Argued March 22, 1921 Decided May 16, 1921
- Full case name: Dillon v. Gloss, Deputy Collector
- Citations: 256 U.S. 368 (more) 41 S. Ct. 510; 65 L. Ed. 994; 1921 U.S. LEXIS 1612

Case history
- Prior: 262 Fed. 563

Holding
- Congress may, if it chooses to, fix a reasonable time for ratification of a constitutional amendment, and a period of seven years is reasonable.; A Constitutional amendment becomes a part of the Constitution upon being ratified by three-fourths of the states; thus, the Eighteenth Amendment became a part of the Constitution on January 16, 1919, and the federal legislation enacted to carry out its intent entered into force on January 16, 1920.;

Court membership
- Chief Justice Edward D. White Associate Justices Joseph McKenna · Oliver W. Holmes Jr.

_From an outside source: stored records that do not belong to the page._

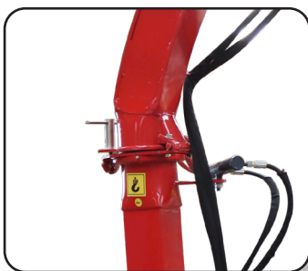
Tubo de descarga con movimiento hidráulico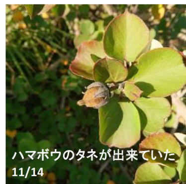
ハマボウのタネが出来ていた 11/14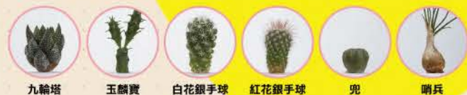
九輪塔 玉麒麟 白花銀手球 紅花銀手球 兜 哨兵

William R. Day · Willis Van Devanter Mahlon Pitney · James C. McReynolds Louis Brandeis · John H. Clarke

Case opinion
- Majority: Van Devanter, joined by unanimous

Laws applied
- Article V of the Constitution
- Overruled by
- Coleman v. Miller (1939) (in part)

= Dillon v. Gloss =

Dillon v. Gloss, 256 U.S. 368 (1921), was a case in which the Supreme Court of the United States held that Congress, when proposing a constitutional amendment under the authority given to it by Article V of the Constitution, may fix a definite period for its ratification, and further, that a seven-year period, such as that fixed by Congress in the resolution proposing the Eighteenth Amendment, is reasonable.

Additionally, the Court, upon taking judicial notice that the Eighteenth Amendment became a part of the Constitution on January 16, 1919, when its ratification in the state legislatures was consummated, held that the National Prohibition Act, known informally as the Volstead Act, entered into force on January 16, 1920.

==Background==
Dillon had been arrested pursuant to the National Prohibition Act, title 2, § 3, and was in custody under § 26. He was denied his petition for a writ of habeas corpus, and appealed the denial. Dillon claimed that the Eighteenth Amendment, which Title 2 of the act was adopted to enforce, was invalid, because the Congress, in declaring that it should be inoperative unless ratified within seven years, had acted outside its constitutional authority; and, secondly, that, in any event, the law he was charged with violating, and under which he was arrested, had not gone into effect at the time of the asserted violation nor at the time of his arrest on January 17, 1920.

==Syllabus==
1. Article V of the Constitution implies that amendments submitted thereunder must be ratified, if at all, within some reasonable time after their proposal. This was modified in 1939 by Coleman v. Miller, which ruled that proposed amendments with no specified expiration pend ratification before the States indefinitely.
2. Under Article V, Congress, in proposing an amendment, may fix a reasonable time for its ratification.
3. The period of seven years, fixed by Congress in the resolution proposing the Eighteenth Amendment was reasonable.
4. The Eighteenth Amendment became a part of the Constitution on January 16, 1919, when, as the Court notices judicially, its ratification in the state legislatures was consummated, not on January 29, 1919, when the ratification was proclaimed by the Secretary of State.
5. As the Eighteenth Amendment, by its own terms, was to go into effect one year after being ratified, §§ 3 and 26, Title II, of the National Prohibition Act, which, by § 21, Title III, were to be in force from and after the effective date of the Amendment, were in force on January 16, 1920. P. 256 U. S. 376.

The lower court's ruling was upheld.